When you walk inside you notice a few things off the bat: lots of white walls, lace over the windows, lots, and lots of copper. My first impression, was one of walking into an old Southern kitchen. A kitchen that is with a lot of booze.
I must say, that in the short time it's been open, I've really fallen in love with this place from a cocktail perspective. Well a cocktail and food perspective really. As one would expect, the cocktails are all top notch, many with liquor infusions, interesting herbs and spices, or fun takes on classics. My personal favorite in the latter category is the spiced Julep. This drink is made by dropping a tea strainer that has been filled with spices, and soaking in bourbon, lighting it on fire, and dropping it into a Julep cup full of the traditional julep ingredients, and then topping it off with a mound of ice. A showy drink to be sure, but one that tastes amazing with the spices really playing off the bourbon, mint and sugar of the traditional mint julep. My favorite on the former is probably the Cherry Bounce Sour, made with cherry bounce (a cherry infused liquor), Old Grand Dad, lemon, turbinado, angostura bitters, and egg white. Truly an exquisite drink.
Make no mistake, while, the cocktails reign supreme, the food is a must try as well. Unlike other cocktail bars, Julep has a focus on seafood, especially cold servings, so you will see oysters from around the country being served (hopefully some good gulf oysters in a couple of months will show up on the menu), along with smoked trout, smoked salmon and very uniquely, full caviar service. These are all reasonably priced options, well with the exception of the caviar which runs about $120.00. However, as good as some of these are, none of them are my favorite on the menu. That falls to the simple, but wonderful, hush puppies. For $4 you get a small plate of crispy on the outside, still moist, on the inside, hushpuppies served with a serrano aoli.

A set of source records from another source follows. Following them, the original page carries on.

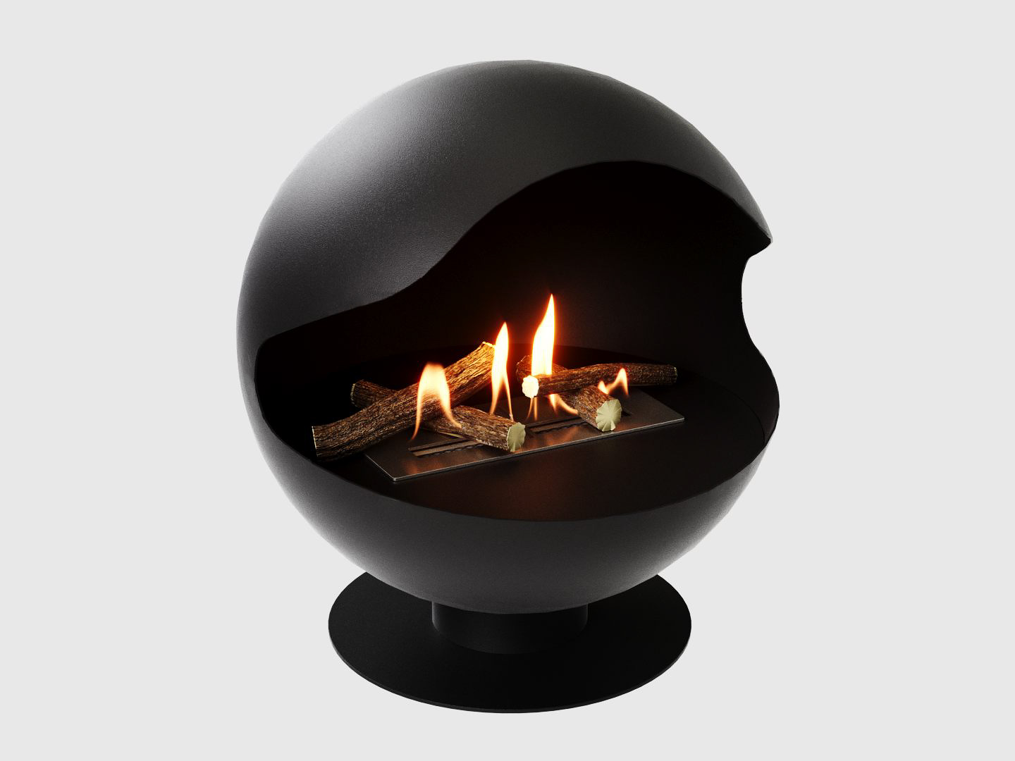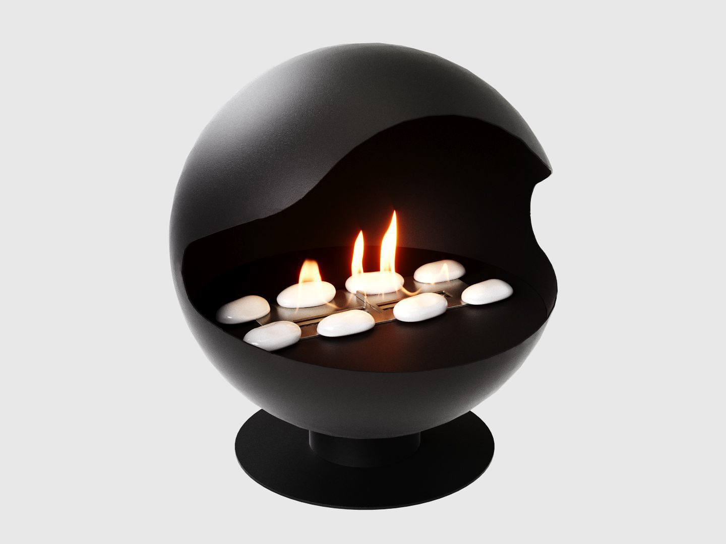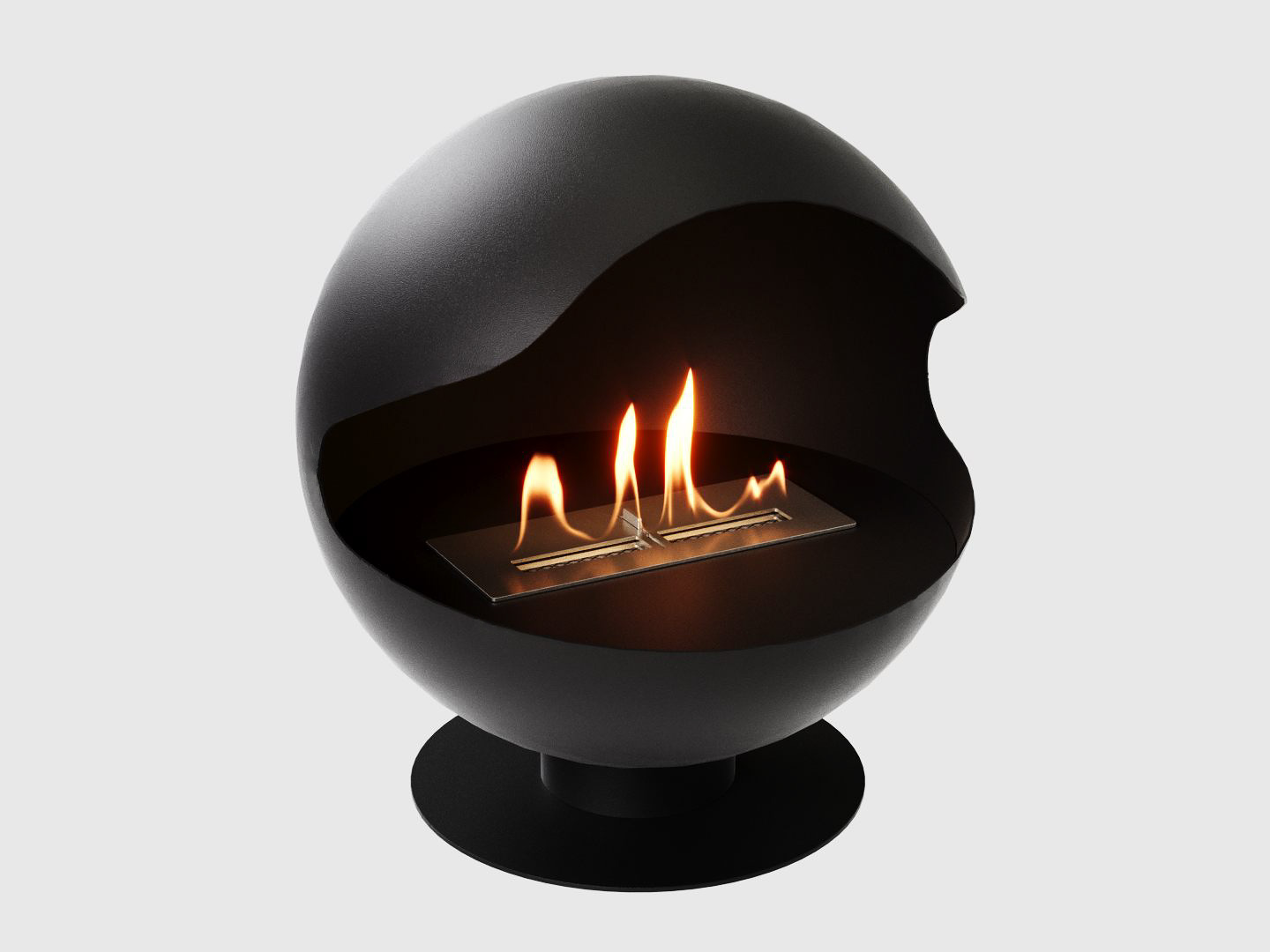 Представляет собой металлическую сферу на низкой подставке с топливным блоком Lux Fire 300 М. Оригинальный дизайн.
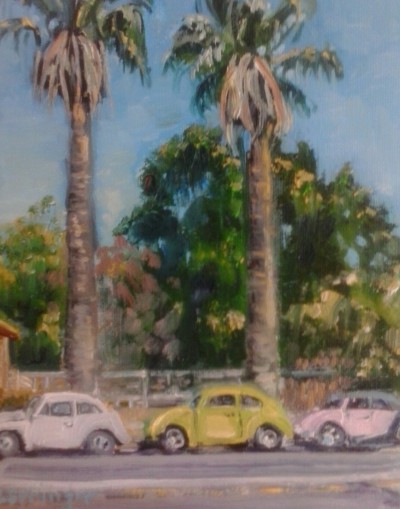 Today is the start of “30 paintings in 30 days” from Leslie Saeta’s Blog. My theme this time is “Transportation, past and present”. This topic has so many great possibilities. For today’s painting my inspiration came from a photo I took when driving home from Patris’s Studio in Sacramento after taking a workshop with Randy Blasquez. As I was driving I saw these 3 VW Bugs lined up with the palms and pulled over and took the photo.
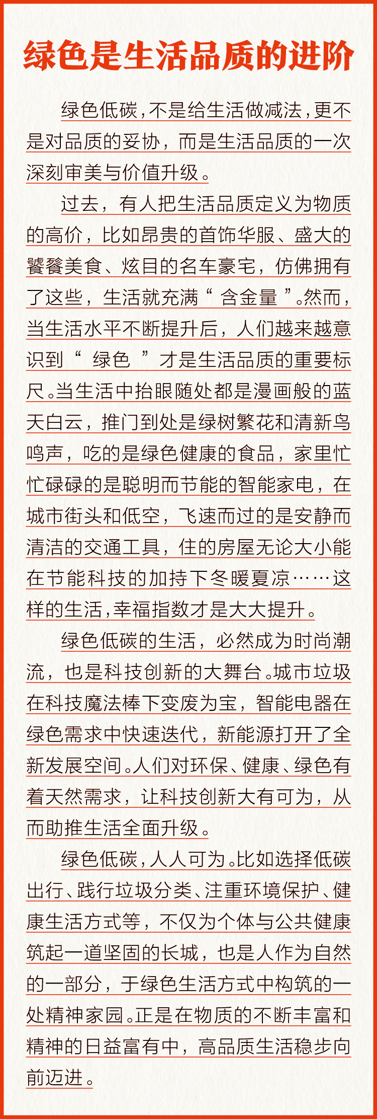長江日?qǐng)?bào)頭版刊發(fā)評(píng)論《綠色是生活品質(zhì)的進(jìn)階》。
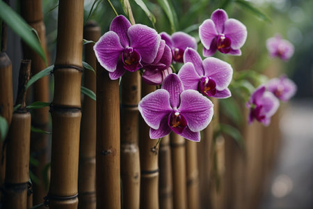 Bamboo Fence with Purple Flowers. Close-Up and Orchids
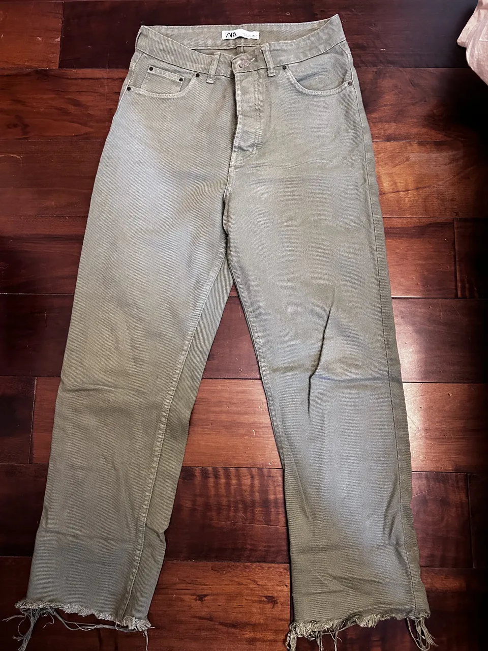 Jean de tiro alto con botones y roturas en los bajos. Color verde militar.

The aoli is OK, and maybe the one inconsistency I've noticed. One visit it had no apparent kick, the next, there was just enough heat to keep me interested. But honestly? The hushpuppies were perfect by themselves.
Behind the bar is plenty of small batch liquors, a great line up of bourbons, whiskeys and ryes including more of the cult bourbon Pappy Van Winkle than I think I have ever seen in one place. There is also gins, rums, etc to balance things out. One of the things that I've appreciated is that I've been able to get some really good old fashions, by just asking a bartender to surprise me with something at the mid level price point (they've hit the price point perfectly both times I've done this, which hasn't necessarily been the case at other places).
Lastly, Julep has a small but interesting wine menu, and promises a draft beer menu soon, but honestly, you aren't going for beer or wine, your going there for the cocktails.
So, sit at the bar, watch the bartenders meticulously make each drink, don't be afraid to ask what a strange ingredient may be, you may get a taste, at the very least, they will be more than happy to talk to you about what they are making, and what's in each cocktail. That really may be why I enjoy this place so much, so that everyone I have met so far at Julep, is passionate about making good drinks, does it well, and also takes the time to talk to customers, educating them as well.